Anthropology and Visual Thinking
Some time ago, I was giving a lecture for my fellow anthropologist colleagues (Erhvervsantropologerne) about how I am using anthropology in my work as a graphic facilitator in Draw2think.
At first I was concerned about holding this lecture! Do I use anthropology in my job at all??? Then I did some thinking about how I deal with my clients and how I approach the content that I am going to visualize, and I realized that my education as anthropologist is very fundamental for my way of working.
How does Anthropology match with graphic facilitation?
Being a graphic facilitator is of course about drawing. However, graphic facilitation is also about observation, listening and synthesizing. Participant observation, active listening, and analysing cultural and social knowledge are profound elements of anthropological methodology. So in a way graphic facilitation and anthropology go together very well.
I find it crucial to do some kind of research about the “local knowledge” of my clients. I always meet my clients face to face in their own environment if possible. The questions that come to my mind when I meet a new organisation go like this: How do they work? What kind of language do they use? What is important in their world? What do they think about each other? What is going on right now? What is actually going on? I find it crucial to investigate their purpose with the assignment, and I ask tons of questions about the target group of our communication. This is the reason why I usually hit the nail on the head. I often hear the words: You nailed it! It was just the way we want it! For me it means that I have reached the goal, and this is the thrill of my job.
I use my anthropological curiosity and wonder …
My clients in the medical industry have very complex knowledge that sometimes needs to be translated into more understandable information. In order to communicate correctly to the target group, I like to meet the patients and doctors involved. As an example, I stayed at Glostrup Hospital for a day where I followed a doctor seeing patients with Parkinson’s disease.
Before my assignment to produce speed-drawing movies for the Prison Probation Service I did a quick research about how the employees in prisons work and what it looks like in prison. So I went inside the prison, Vestre Fængsel, for a day. I think that the movies would have lacked their sense of authenticity and lost their authority, had the uniforms, keys, doors etc. looked wrong.
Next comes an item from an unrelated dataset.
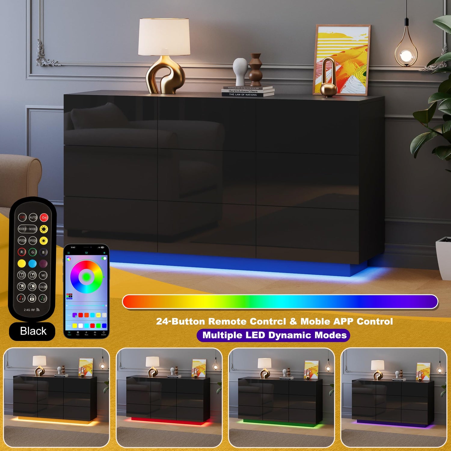 Anbuy LED 9 Drawer Dresser, Black Modern Dresser with High Gloss Drawers Dual Chest of Drawers with Lights for Bedroom (Black)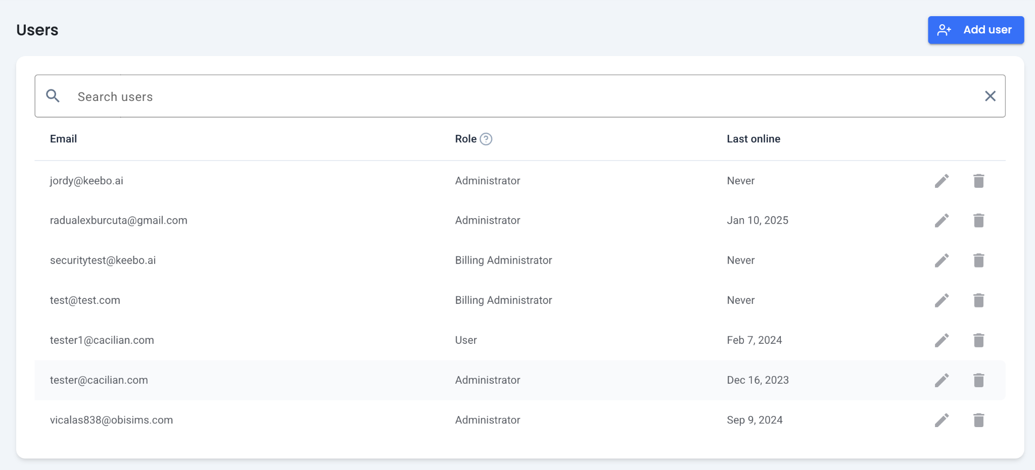 - Edit an existing user — Click the edit icon next to a user's entry to change their role.

Many of my assignments are about communication – for instance how to bridge the communication between the top management and the rest of the organisation. The highly educated leaders are often challenged when they want to communicate new directions and changes to the entire organisation. I research the information, and in a way I translate this content into visual language that is easier to understand. I think what anthropologists often do when they work with Human resource or whatever field they work in, the often have the role as one that turns things around and have the ability to look at things from another perspective. This ability is one particular strength of our education, and it enables us to put ourselves in place of the Others.
A search for Truth
Being a graphic recorder in meetings (making big drawings at the wall in real time), it is crucial to find out what the participants find most important and to have a sense of what type of drawings they like and dislike. As a graphic recorder you have the power to choose some pictures and make them more important than others. I never use a certain metaphor if it doesn’t come up in the dialogue. Listening for certain words, and thinking about their origin may give me a hint of the way we are going in this meeting. I always practice before a gig but I never know how it will turn out in the end because I go with the flow of the meeting. For me, it is more important that the drawings reflect the dialogue rather than a drawing of something nice that I practiced the day before – only if it comes up in the dialogue will I draw it. Working this way doesn’t make it easy, but I prefer to show the real process of the day. Of course it is really just an illusion that I can find “The Truth” and draw it out, but I have this urge to come as close as possible to a true picture of the group that I am working with. I think that this faithfulness to the subjects (the informers) originates from the school of anthropology, and this is one more reason that anthropology works so well together with my visual practice.